● How to complete this task
In the records that follow, find the line containing "All'interno degli appuntamenti" and the line containing "Gigi Growl in", then transcribe both and every line between them exactly, omitting pictures.

● Supplied data
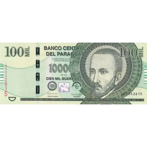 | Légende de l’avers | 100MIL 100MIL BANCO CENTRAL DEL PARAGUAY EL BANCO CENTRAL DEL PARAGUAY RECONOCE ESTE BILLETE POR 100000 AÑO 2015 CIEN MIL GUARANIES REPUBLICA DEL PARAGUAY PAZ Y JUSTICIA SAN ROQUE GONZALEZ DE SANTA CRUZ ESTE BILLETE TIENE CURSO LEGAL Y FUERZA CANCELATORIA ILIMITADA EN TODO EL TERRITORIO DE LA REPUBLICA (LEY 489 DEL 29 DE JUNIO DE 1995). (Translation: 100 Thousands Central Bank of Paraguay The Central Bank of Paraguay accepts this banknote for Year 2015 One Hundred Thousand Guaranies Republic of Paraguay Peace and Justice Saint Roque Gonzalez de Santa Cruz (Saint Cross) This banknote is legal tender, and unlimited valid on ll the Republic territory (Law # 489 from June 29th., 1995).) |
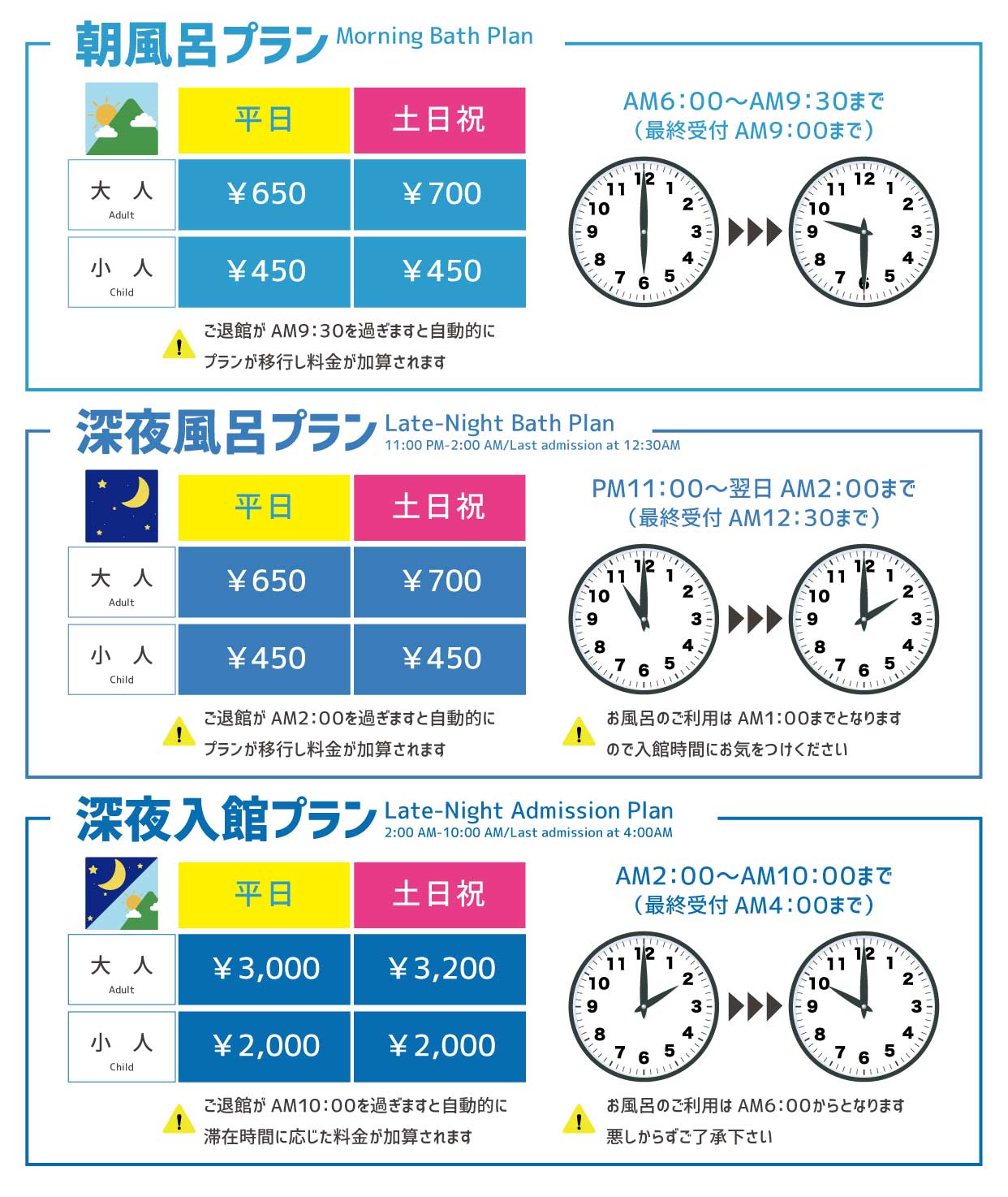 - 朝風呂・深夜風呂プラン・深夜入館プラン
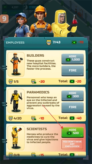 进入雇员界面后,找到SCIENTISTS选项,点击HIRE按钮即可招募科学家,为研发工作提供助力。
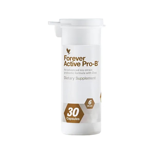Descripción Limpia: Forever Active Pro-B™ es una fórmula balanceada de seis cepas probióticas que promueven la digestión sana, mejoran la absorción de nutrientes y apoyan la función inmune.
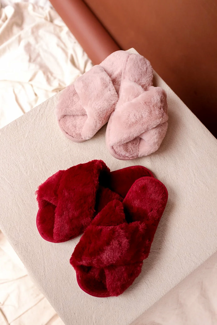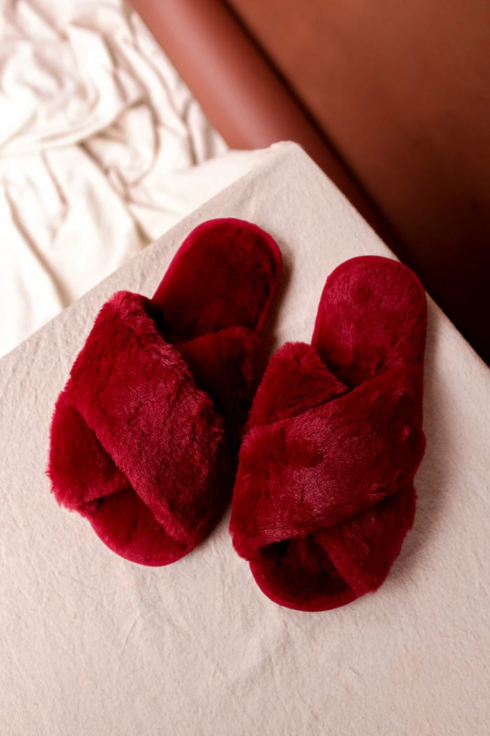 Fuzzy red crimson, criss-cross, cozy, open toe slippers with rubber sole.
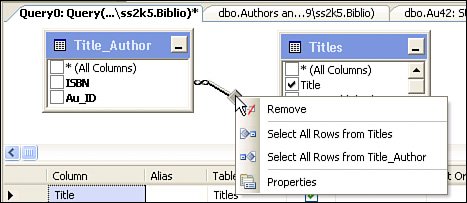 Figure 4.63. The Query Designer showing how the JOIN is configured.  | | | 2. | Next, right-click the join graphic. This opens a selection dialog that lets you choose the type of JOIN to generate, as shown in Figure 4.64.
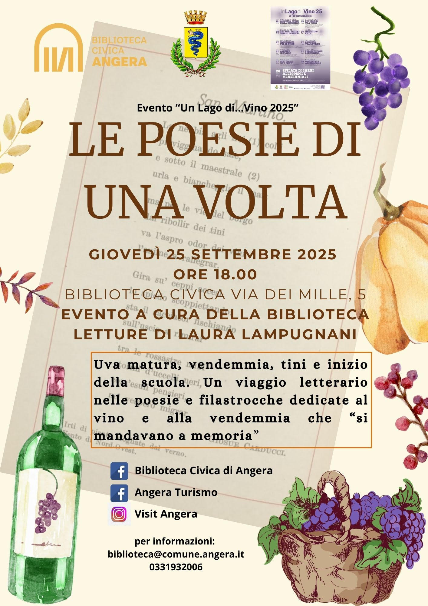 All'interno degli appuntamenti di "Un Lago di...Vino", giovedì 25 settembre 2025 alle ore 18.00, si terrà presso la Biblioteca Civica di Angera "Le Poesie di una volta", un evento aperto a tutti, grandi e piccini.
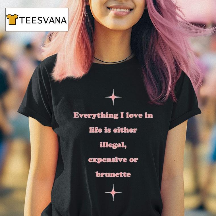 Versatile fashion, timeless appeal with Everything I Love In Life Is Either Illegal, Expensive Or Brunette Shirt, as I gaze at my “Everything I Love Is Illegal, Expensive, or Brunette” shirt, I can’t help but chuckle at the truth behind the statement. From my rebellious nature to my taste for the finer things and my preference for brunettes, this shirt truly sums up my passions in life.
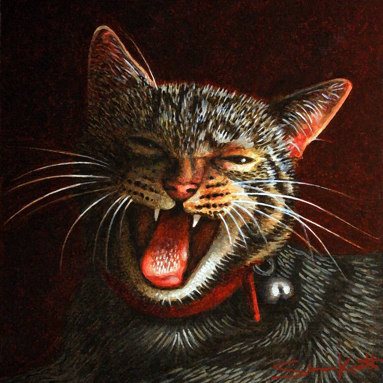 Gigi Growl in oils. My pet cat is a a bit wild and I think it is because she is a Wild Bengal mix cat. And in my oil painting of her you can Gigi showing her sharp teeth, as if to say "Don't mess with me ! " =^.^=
...
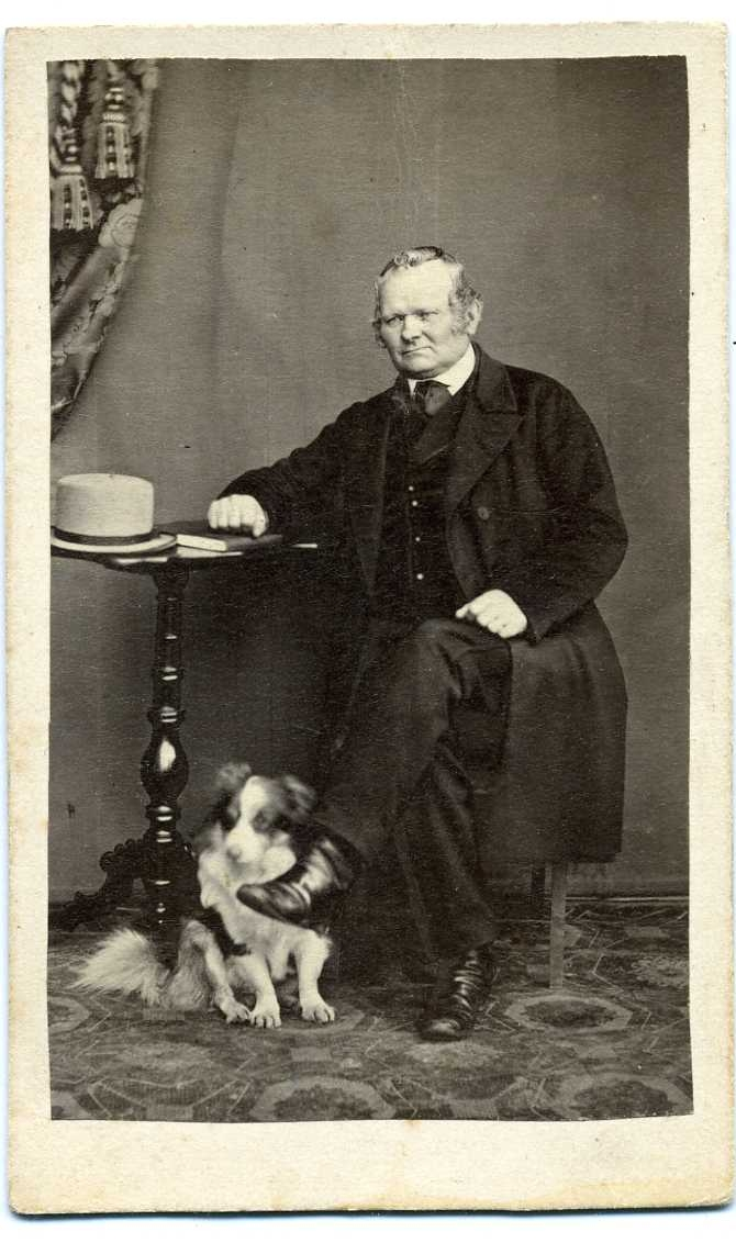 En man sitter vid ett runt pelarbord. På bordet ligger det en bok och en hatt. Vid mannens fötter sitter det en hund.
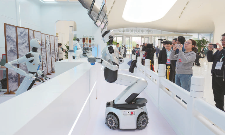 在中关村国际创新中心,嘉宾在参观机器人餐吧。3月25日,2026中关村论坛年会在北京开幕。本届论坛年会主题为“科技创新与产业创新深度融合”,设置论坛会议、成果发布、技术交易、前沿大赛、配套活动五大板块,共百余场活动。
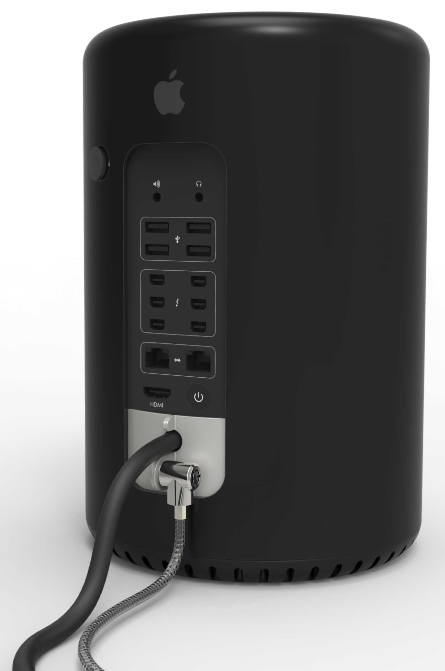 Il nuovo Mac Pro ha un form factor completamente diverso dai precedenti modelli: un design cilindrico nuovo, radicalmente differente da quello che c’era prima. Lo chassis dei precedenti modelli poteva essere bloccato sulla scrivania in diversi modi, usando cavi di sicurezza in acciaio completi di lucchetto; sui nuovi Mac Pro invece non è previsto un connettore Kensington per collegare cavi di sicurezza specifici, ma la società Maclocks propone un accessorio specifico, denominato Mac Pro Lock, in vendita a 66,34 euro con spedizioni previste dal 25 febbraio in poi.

● Task response
 All'interno degli appuntamenti di "Un Lago di...Vino", giovedì 25 settembre 2025 alle ore 18.00, si terrà presso la Biblioteca Civica di Angera "Le Poesie di una volta", un evento aperto a tutti, grandi e piccini.
 Versatile fashion, timeless appeal with Everything I Love In Life Is Either Illegal, Expensive Or Brunette Shirt, as I gaze at my “Everything I Love Is Illegal, Expensive, or Brunette” shirt, I can’t help but chuckle at the truth behind the statement. From my rebellious nature to my taste for the finer things and my preference for brunettes, this shirt truly sums up my passions in life.
 Gigi Growl in oils. My pet cat is a a bit wild and I think it is because she is a Wild Bengal mix cat. And in my oil painting of her you can Gigi showing her sharp teeth, as if to say "Don't mess with me ! " =^.^=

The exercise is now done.